DATA

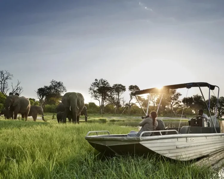 Great predators, including rare wild dogs, as well as elephants, buffalo, red lechwe, giraffes and impala roam the Okavango Delta, as you discover on an early morning game drive. Listen for roaring lions on the hunt or spy nocturnal animals as they start out for the night on your choice of game drives. Back in camp, gather for a farewell dinner beneath African skies.
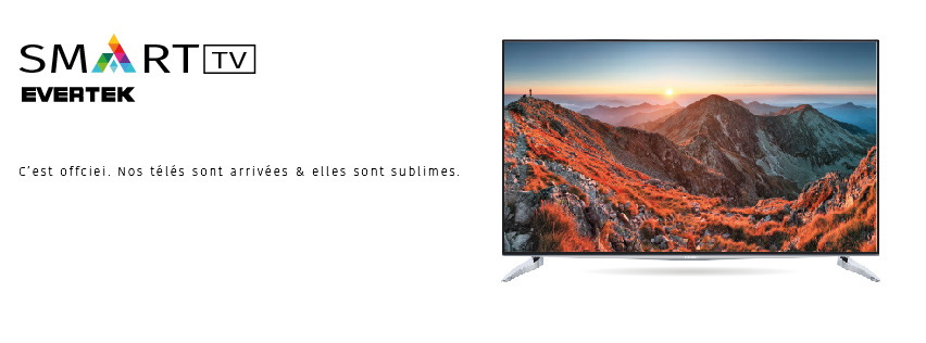 Evertek présente ses Smart TV, deux modèles de téléviseurs de 55 pouces, plat et un autre incurvé. Des téléviseurs 4K UHD munis d'écrans LED et de 3D(vendus avec 4 lunettes 3D), mais qui permettent aussi de naviguer sur le net grâce a leurs système web OS.
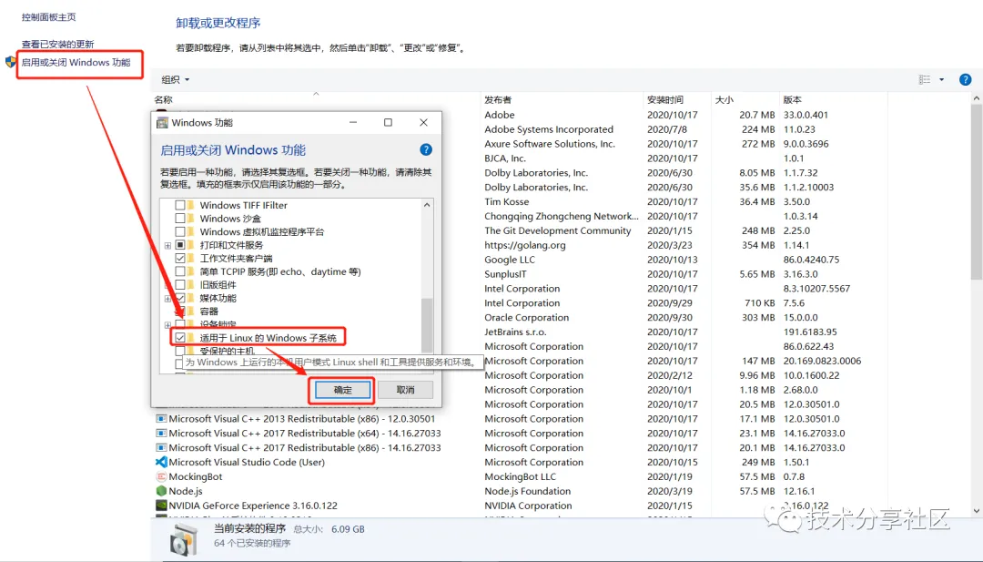 c、启用适用于Linux的windows子系统设置

TASK TO CARRY OUT
Beginning at the line with "Evertek présente ses" and ending at the last line of the listing above, retype each line exactly, including those two lines. Leave the pictures out.

TASK RESULT
 Evertek présente ses Smart TV, deux modèles de téléviseurs de 55 pouces, plat et un autre incurvé. Des téléviseurs 4K UHD munis d'écrans LED et de 3D(vendus avec 4 lunettes 3D), mais qui permettent aussi de naviguer sur le net grâce a leurs système web OS.
 c、启用适用于Linux的windows子系统设置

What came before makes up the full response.